Zihin birbiriyle bağlantılı noktalardan oluşur. Bir nokta harekete
katıldığında kendisiyle ilişkili bir başka noktayı harekete geçirir.
Hareket böylece sürekliliğini korur. Aynı şey beden için de
geçerlidir. Beden de birbiriyle ilişkili hareketlilikler aracılığıyla
varlığını sürdürür.
Daha sonra Fechner bu görüşü işevuruk olarak destekleyici bir
iddia ortaya atmıştır. Buna göre, beden ve zihin aynı gerçeğin iki
ayrı yönüdür.
Bu gerçeğe içten bakıldığında zihin, dıştan bakıldığında
beden görülür. Zihinsel bir olay olan duyumlarla, dış
dünyanın özelliği olan uyaranlar arasında sayılarla ifade
edilebilen niceliksel bir ilişki vardır. Fechner yaptığı
deneylerle zihne ölçülebilir olma statüsünü kazandırmıştır.
BİLİMİN ÖLÇÜTLERİ
• Gözlenebilirlik
• Ölçülebilirlik
• İletilebilirlik
• Tekrarlanabilirlik
• Sağdanabilirlik
• Gözlenebilirlik
Bilim kapsamında ele alınan tüm öğe ve süreçler
gözlenebilir nitelikte olmalıdır. Bilimsel ifadeler
gözlem yoluyla ulaşılan olgulara dayanmalıdır.
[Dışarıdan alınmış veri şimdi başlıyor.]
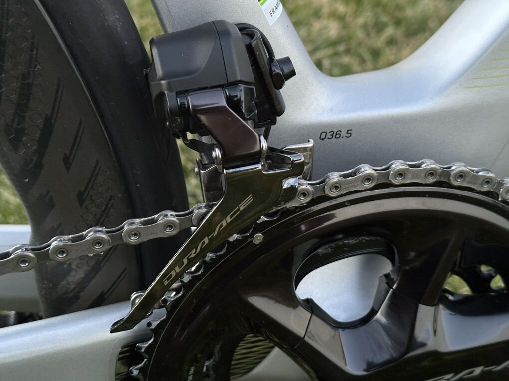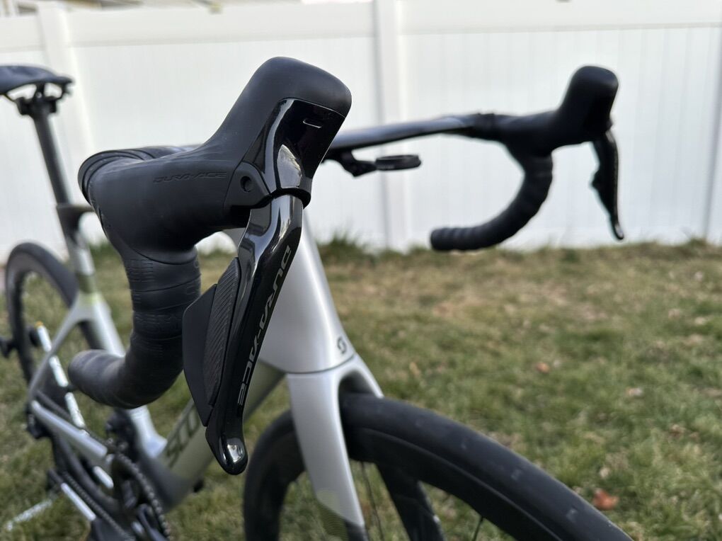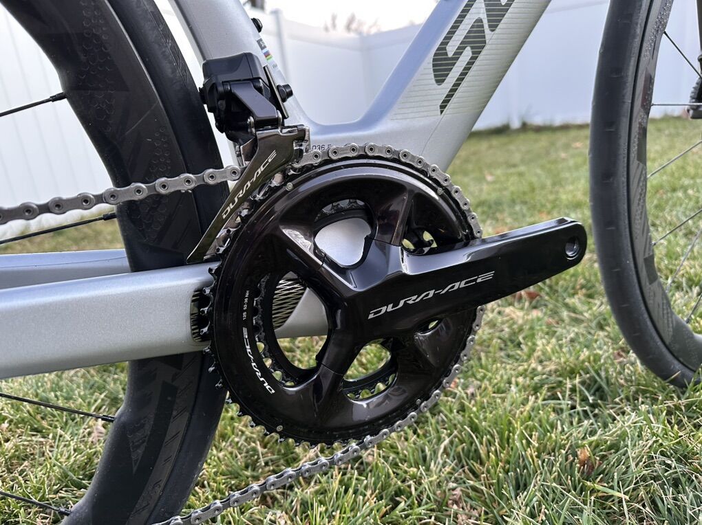 ApplePayScott Foil RC Frameset: Size 56cm “L” Q36.5 Edition Groupset: Full Shimano Dura Ace Di2 9200 12sp Handlebar: Syncros 1-Piece Aerobar 40cm x 110mm Crankset: 52/36 & 170mm Cassette: 12sp 11-34 Bottom Bracket: BBInfinite Wheelset: Zipp 353 NSW with DT Swiss 180 EXP Hubs and Sinc Ceramic Bearings Tires: Continental GP 5000 STR & Aero 111 Seatpost: Duncan Aero SL or Duncan Aero CFT Pedals, Bottle Cages, Charge Cable: Not Included Approximate Weight as Pictured: 6.99kg

Gözlenebilir nitelikte olmayan bir unsur pozitif bilim
kapsamında ele alınamaz.
• Ölçülebilirlik
Bilim kapsamında ele alınan öğe ve süreçler ölçülebilmeli,
sayısal ifadelerle betimlenip özetlenebilmelidir. Görgül olay ve
ilişkilere sayıların karşılık gelmesi, gözlemlerdeki farklılıkların
nicel ifadelerle temsil edilebileceğinin belirlenmesi, matematik
ve istatistiğin ölçümlere uygulanmasını mümkün olmuştur.
• İletilebilirlik
Bilimsel çalışma ve bilgiler ilgili kişi tarafından bilim
adamlarına aktarılabilir nitelikte olmalıdır. Bilimde
iletilebilirlik, aktarılmak istenenin tam olarak
anlaşılmasını,ifade edilmek istenenden başkasının
anlaşılmamasını içerir.
• Tekrarlanabilirlik
Yapılan gözlemler ve alınan ölçümler, benzeri bir eğitimden geçmiş,
aynı araç, gereç ve teknik imkanları kullanan diğer bilim
adamlarınca da tekrar edilebilmelidir. Bilimsel çalışmalar, gözlem
ve ölçümler başkalarınca da tekrarlanabildiğinde, kişiye bağımlı ve
öznel olma durumundan uzaklaşır.
• Sağdanabilirlik
Bilim kapsamında öne sürülen hipotezlerin,
olaylar arasında varolduğu iddia edilen ilişkilerin
doğruluğu araştırılabilmeli, bunlar test edilebilir
nitelikte olmalıdır. Sonuçların hipotezi veya iddia
edilen ilişkileri destekleyip desteklemediği
gösterilebilmelidir. Kesin olmayan, mümkün
olabilecek tüm sonuçları içeren ifadelerin
sağdanabilmesi söz konusu olamaz.
BİLİMİN AMAÇLARI
• Betimleme
• Açıklama
• Yordama
• Kontrol etme
• Betimleme
Bilimin amaçlarından ilki, doğada tutarlı olarak meydana
gelen, güvenilir olayları keşfetmek, bu olayları adlandırmak,
tarif etmek, belirli özelliklerine göre sınıflandırmak ve
olaylar arasındaki ilişkileri ortaya koymaktır.
• Açıklama
Bilim, mümkün olduğunca fazla sayıdaki değişik olguyu, en az
sayıdaki ilke altında toplanmaya çalışır. Yani mevcut görgül
verileri birbiriyle çelişmeyecek şekilde kapsayan kuramlar
oluşturmayı amaçlar. Görgül olaylar arasındaki nedensel
ilişkileri ortaya çıkarmaya çalışır.
• Yordama
Bilim adamı bir olayı betimledikten sonra, bulgularına ve
belirlediği ilişkilere dayanarak yeni olaylarla ilgili
tahminlerde bulunur.
• Kontrol
Belirleyici ön koşullar üzerinde değişimleme yapma yoluyla,
sonuç olayla ilgili istenen bir sonuca ulaşmayı içerir.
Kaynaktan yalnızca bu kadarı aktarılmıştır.